Source records:
[Start of Attachment]

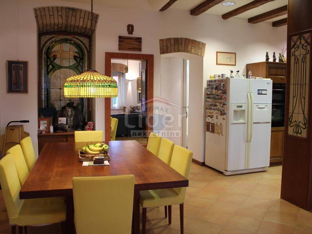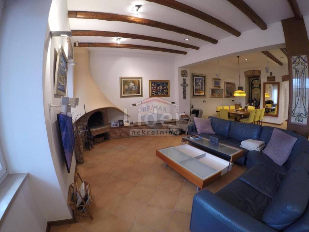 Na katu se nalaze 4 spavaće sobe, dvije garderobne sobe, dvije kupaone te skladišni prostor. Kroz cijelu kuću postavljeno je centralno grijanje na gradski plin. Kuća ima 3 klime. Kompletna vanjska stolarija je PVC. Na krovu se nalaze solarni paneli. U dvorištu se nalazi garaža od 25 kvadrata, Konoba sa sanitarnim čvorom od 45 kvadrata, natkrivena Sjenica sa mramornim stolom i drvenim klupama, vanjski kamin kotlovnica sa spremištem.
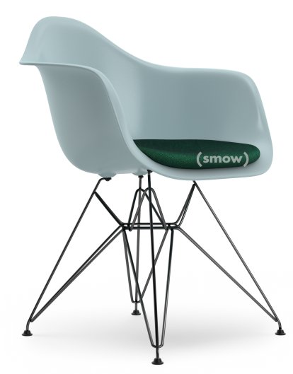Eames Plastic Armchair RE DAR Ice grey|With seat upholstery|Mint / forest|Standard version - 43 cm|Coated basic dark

[End of Attachment]
[Start of Attachment]

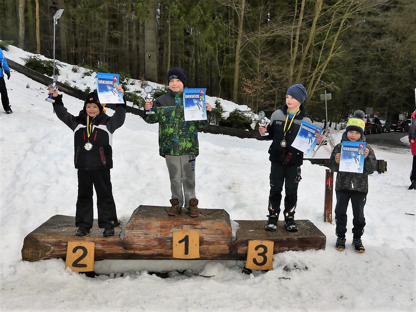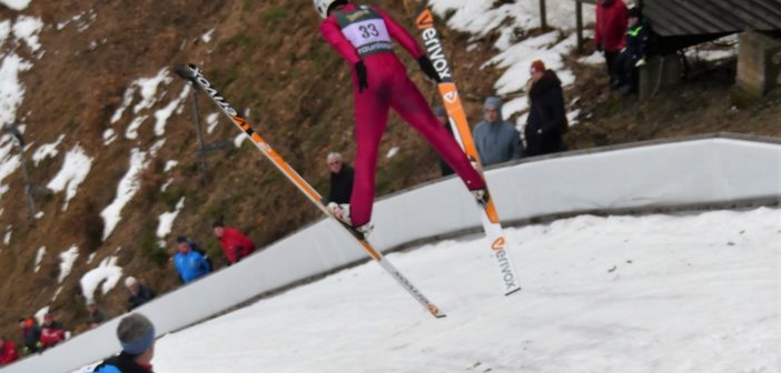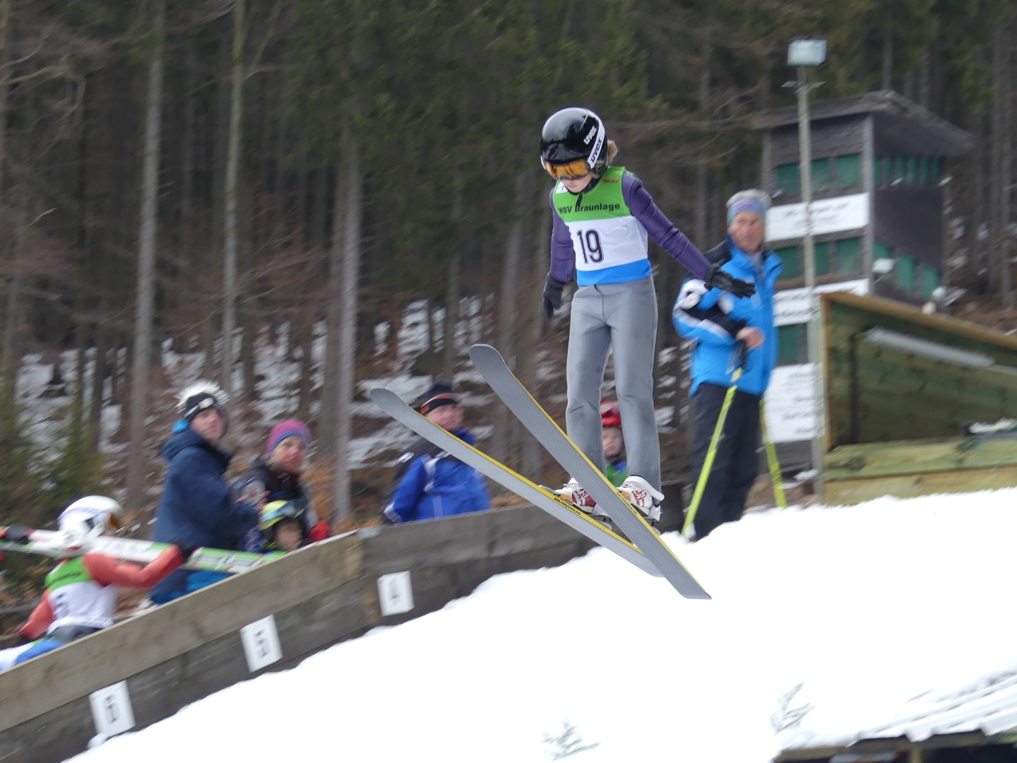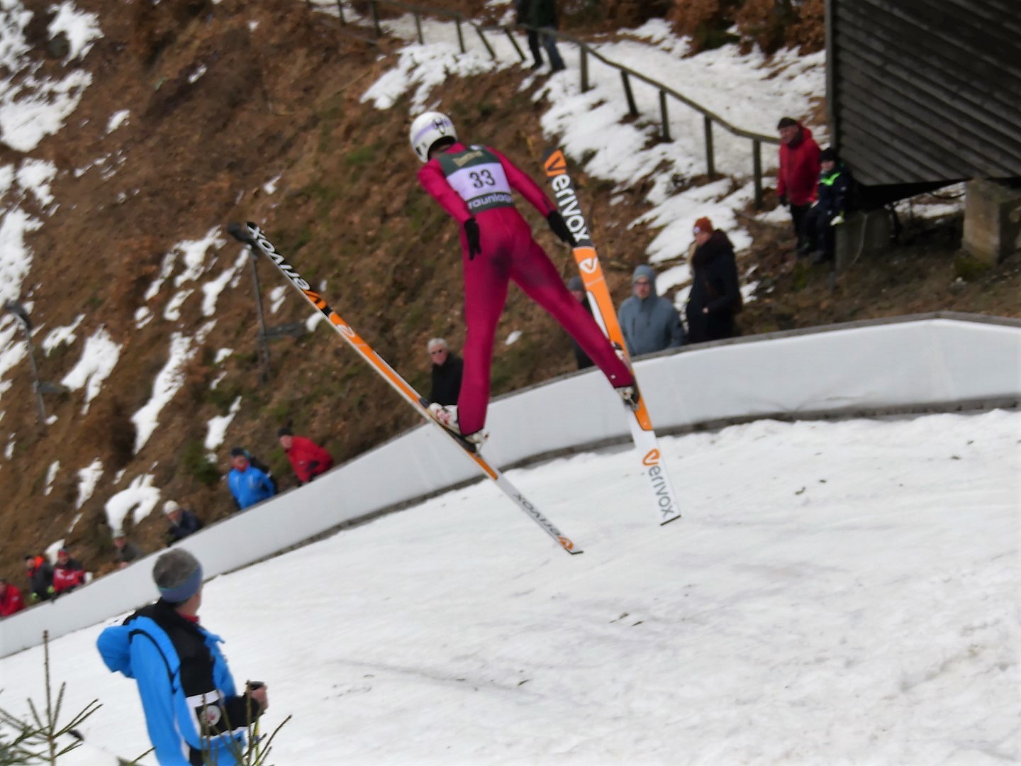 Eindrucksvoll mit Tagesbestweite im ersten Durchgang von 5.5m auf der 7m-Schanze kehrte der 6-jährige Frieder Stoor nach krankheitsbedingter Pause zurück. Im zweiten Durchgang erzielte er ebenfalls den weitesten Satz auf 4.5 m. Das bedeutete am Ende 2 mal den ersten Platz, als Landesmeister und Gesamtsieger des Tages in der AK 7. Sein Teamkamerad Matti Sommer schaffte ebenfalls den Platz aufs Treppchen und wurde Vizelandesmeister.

[End of Attachment]

Work to complete: Above is the material; set down exactly its lines from the one containing "Na katu se nalaze" down to the one containing "Eames Plastic Armchair", both included, leaving out any pictures.

Task result:
 Na katu se nalaze 4 spavaće sobe, dvije garderobne sobe, dvije kupaone te skladišni prostor. Kroz cijelu kuću postavljeno je centralno grijanje na gradski plin. Kuća ima 3 klime. Kompletna vanjska stolarija je PVC. Na krovu se nalaze solarni paneli. U dvorištu se nalazi garaža od 25 kvadrata, Konoba sa sanitarnim čvorom od 45 kvadrata, natkrivena Sjenica sa mramornim stolom i drvenim klupama, vanjski kamin kotlovnica sa spremištem.
Eames Plastic Armchair RE DAR Ice grey|With seat upholstery|Mint / forest|Standard version - 43 cm|Coated basic dark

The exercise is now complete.